Unnamed: 0,TITLE,SALARY,YEARS OF EXPERIENCE,clean_title,yoe,sal
0,Senior Reporter,"$125,000 + $6250 annual bonus",9,reporter,9.0,125000.0
1,Bureau Chief,"$58,000",12,bureau chief,12.0,58000.0
2,Editor/Submission Manager,"$114,000",6,editor,6.0,114000.0
3,Digital Editor,"$42,000 CAD",7,editor,7.0,31080.0
4,Associate Photo Editor,"$57,500",16,editor,16.0,57500.0


In [18]:
df["sal"].unique()

array([ 1.25000e+05,  5.80000e+04,  1.14000e+05,  3.10800e+04,
        5.75000e+04,  4.66200e+04,  1.00000e+05,  5.50000e+04,
        1.09000e+05,  1.26000e+05,  3.50000e+04,  6.68000e+04,
        3.20000e+04,  4.38270e+04,  3.70000e+04,  3.40000e+04,
        3.90000e+04,  6.00000e+04,  5.00000e+04,  7.00000e+04,
        7.50000e+04,  3.50000e+03,  8.00000e+04,  3.75660e+04,
        7.70000e+04,  7.28000e+04,  1.10000e+05,  3.33920e+04,
        2.18400e+04,  3.00000e+04,  4.10000e+04,  4.30000e+04,
        5.70000e+04,  6.33000e+04,  3.75000e+04,  8.20000e+04,
        5.60000e+04,  4.90000e+04,  4.50000e+04,  8.50000e+04,
        2.50000e+04,  8.70000e+04,  1.13000e+05,  1.01000e+05,
        1.35000e+05, -1.00000e+00,  7.30000e+04,  1.75000e+05,
        4.00000e+04,  5.10000e+04,  4.59140e+04,  6.50000e+04,
        2.50000e+02,  1.06000e+05,  4.88000e+04,  6.20000e+04,
        5.20000e+04,  1.02000e+05,  3.45000e+04,  4.20000e+04,
        6.40000e+04,  9.70000e+04,  5.30000e+04,  3.950

In [19]:
# filter out invalid values and filter out some outliers
clean_df = df.query('yoe != -1 & yoe >= 0 & sal != -1  & sal < 300000 & sal > 10000')
clean_df.sal.describe()

count      1647.000000
mean      65350.168427
std       29882.841775
min       10435.000000
25%       45000.000000
50%       60000.000000
75%       78550.000000
max      250000.000000
Name: sal, dtype: float64

In [44]:
bins = np.linspace(clean_df.sal.min(), clean_df.sal.max(), 20)
bins

array([ 10435.        ,  23043.68421053,  35652.36842105,  48261.05263158,
        60869.73684211,  73478.42105263,  86087.10526316,  98695.78947368,
       111304.47368421, 123913.15789474, 136521.84210526, 149130.52631579,
       161739.21052632, 174347.89473684, 186956.57894737, 199565.26315789,
       212173.94736842, 224782.63157895, 237391.31578947, 250000.        ])

# Results

## Visualize the Distribution Across *All* Datapoints

In [45]:
# overall distribution
ax = sns.distplot(clean_df["sal"], bins=bins)

Overall, it seems like journalist salaries compare nicely to the expected normal distribution. However, to further analysis is needed to control for years of experience. 

## Joint Plot and Years of Experience

In [41]:
# jointplot of yoe and salary

ax = sns.jointplot(x="yoe", y="sal", data=clean_df, kind="reg")

<IPython.core.display.Javascript object>

A basic regression points out that there exists "some" correlation between years of experience and salary during the early years, but this levels off the years of experience increases.

It's also very likely that some of the outliers at higher ranges are poor dataset or ETL issues.
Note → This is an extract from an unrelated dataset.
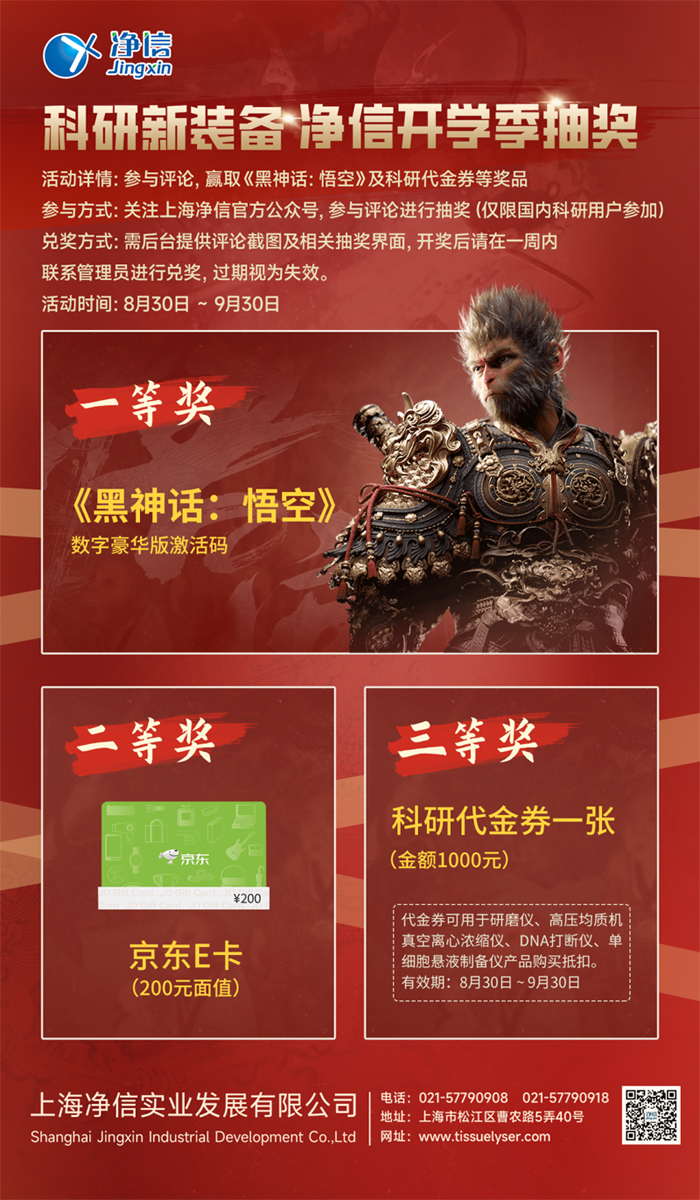 親愛的科研伙伴們,新學期伊始,是不是感覺你的實驗室還缺點什么?上海凈信來幫你補齊裝備!參與我們的開學季抽獎活動,就有機會獲得《黑神話:悟空》數字豪華版激活碼,讓你的科研生活不再單調。不僅如此,還有京東E卡和科研代金券等你來拿,讓你的科研之路更加順暢!

Since the regression itself is not that useful, we can take a look at residuals. 

In [46]:

ax = sns.jointplot(x="yoe", y="sal", data=clean_df, kind="resid")

<IPython.core.display.Javascript object>

This shows that the predictive value of the regression lessons as years of experience increase, especially past ~15 years of experience.

# Conclusion

In conclusion, media salaries seem largely normally distributed, as most seem to cluster around somewhere between the 70-100k range between the first 10 years. 
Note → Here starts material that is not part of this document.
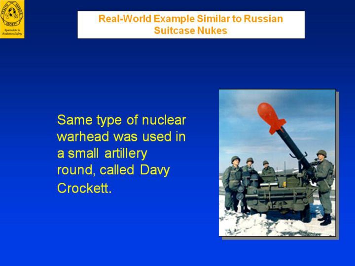 The effects from a Davy Crockett round would be expected to be similar to the effects from a backpack nuke or a terrorist-built weapon that fails to function properly.

However, interestingly enough, it seems that there is largely a "cap" on media salaries past 15 years. The data stops correlating, and largely loses its predictive value. This probably represents the "peak" earnings of a specific type of media job (journalist, associate, etc) that can be reached without pushing into management territory.